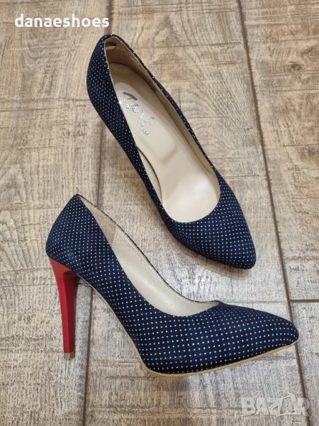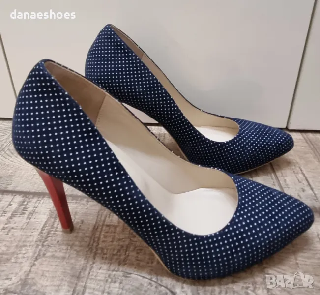 Дамски обувки в синьо на бели точки на висок ток → Обява 50074201
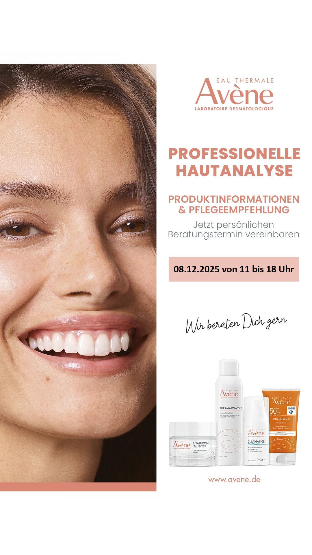 Sichern Sie sich jetzt ihren Termin und lassen Sie sich von der Avène-Hautberaterin an diesem Tag beraten.
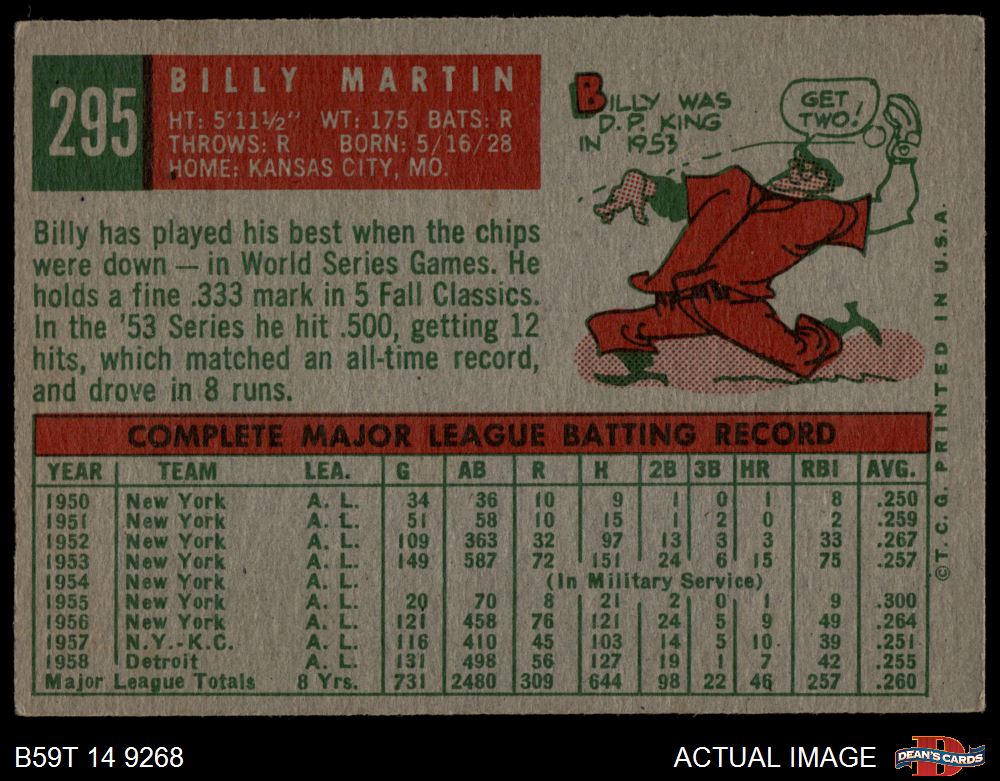 1959 Topps #295 Billy Martin 4 - VG/EX
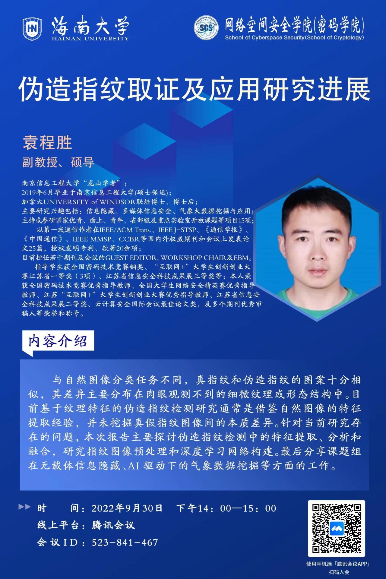 【学术交流】伪造指纹取证及应用研究进展 - 袁程胜
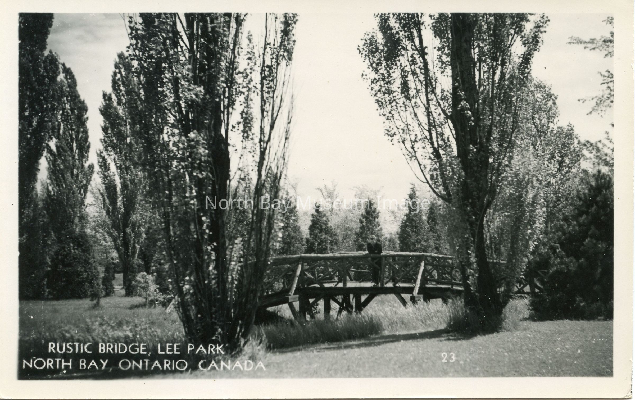 Postcard with photo of rustic timber-built foot bridge in Lee Park, North Bay
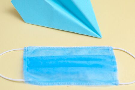 Paper blue airplane with medical blue mask on yellow background. Copy space.
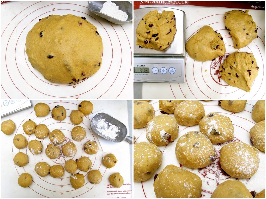 For fairly large rolls, divide the dough into 16 pieces. A scale makes easy work of this task; the pieces will be roughly 2 3/4 ounces each.
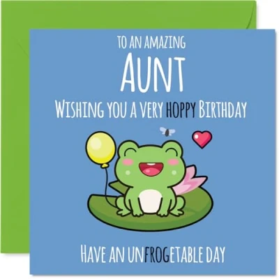MAKE YOUR AUNT SMILE WITH THIS UNIQUE BIRTHDAY CARD: This exceptional quality Aunt birthday card shows the design 'To an amazing Aunt Wishing you a very hoppy birthday. Have an unfrogetable day'. If you are looking for a beautiful birthday card Aunt, then then this happy birthday Aunt card is bound to make them smile. Not just a birthday card for Aunt this could also be a birthday gifts for Aunt, Aunty or Auntie. WHAT DO YOU GET: The card is printed on one side and BLANK ON THE INSIDE to allow you to write your very own message. The unique fun design is printed on a specially sourced and environmentally responsible board. At 360 microns thick the natural white one-sided gloss board has a quality look and feel. Supplied with a coloured gummed envelope to complement the design and ready to be sealed and sent in the post. Aunt Mothers Day cards, Aunty birthday cards, Auntie birthday card. NO INK SMUDGES: There is nothing worse than writing inside a card to find that the shiny surface makes the ink smudge. This is why we use a high quality one sided coated board. The uncoated side will absorb more of the ink from your pen to make smudging a thing of the past. Aunt birthday cards, Aunt birthday cards from Nephew. SIZES: Greeting Card = 145mm x 145mm, Envelope = 155mm x 155mm, Card Thickness = 360 micron. Happy birthday Aunt, Aunts birthday card, Aunt cards birthday, birthday card Aunt, happy birthday Aunt card, Aunt gifts from Nephew. MADE AND QUALITY CHECKED IN THE UK: We print and manufacture all our products right here in the UK so you can be sure of a fast turnaround and a product that is expertly made. Using environmentally responsible premium board our card is conscious of the responsible management of the world's forests - happy birthday card Aunt, Aunt birthday cards.
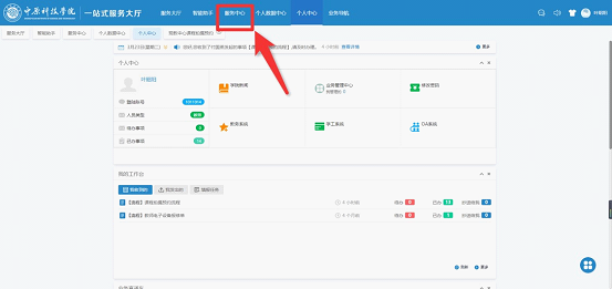(1)登陆一站式服务大厅,选择页面顶端的“ 服务中心”。
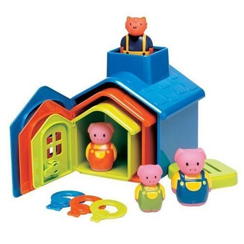 3 nesting houses, 3 color coded keys to lock doors which store in chimney, 3 little pigs and 1 big bad wolf (who fits down the chimney). Classic story play!

+ + + + + + +

**THE PROBLEM**
Reproduce the listing above only between the lines holding "Paper blue airplane" and "For fairly large", inclusive. Every line must match exactly, and pictures are dropped.

**SOLUTION FOR THIS EXERCISE**
 Paper blue airplane with medical blue mask on yellow background. Copy space.
 For fairly large rolls, divide the dough into 16 pieces. A scale makes easy work of this task; the pieces will be roughly 2 3/4 ounces each.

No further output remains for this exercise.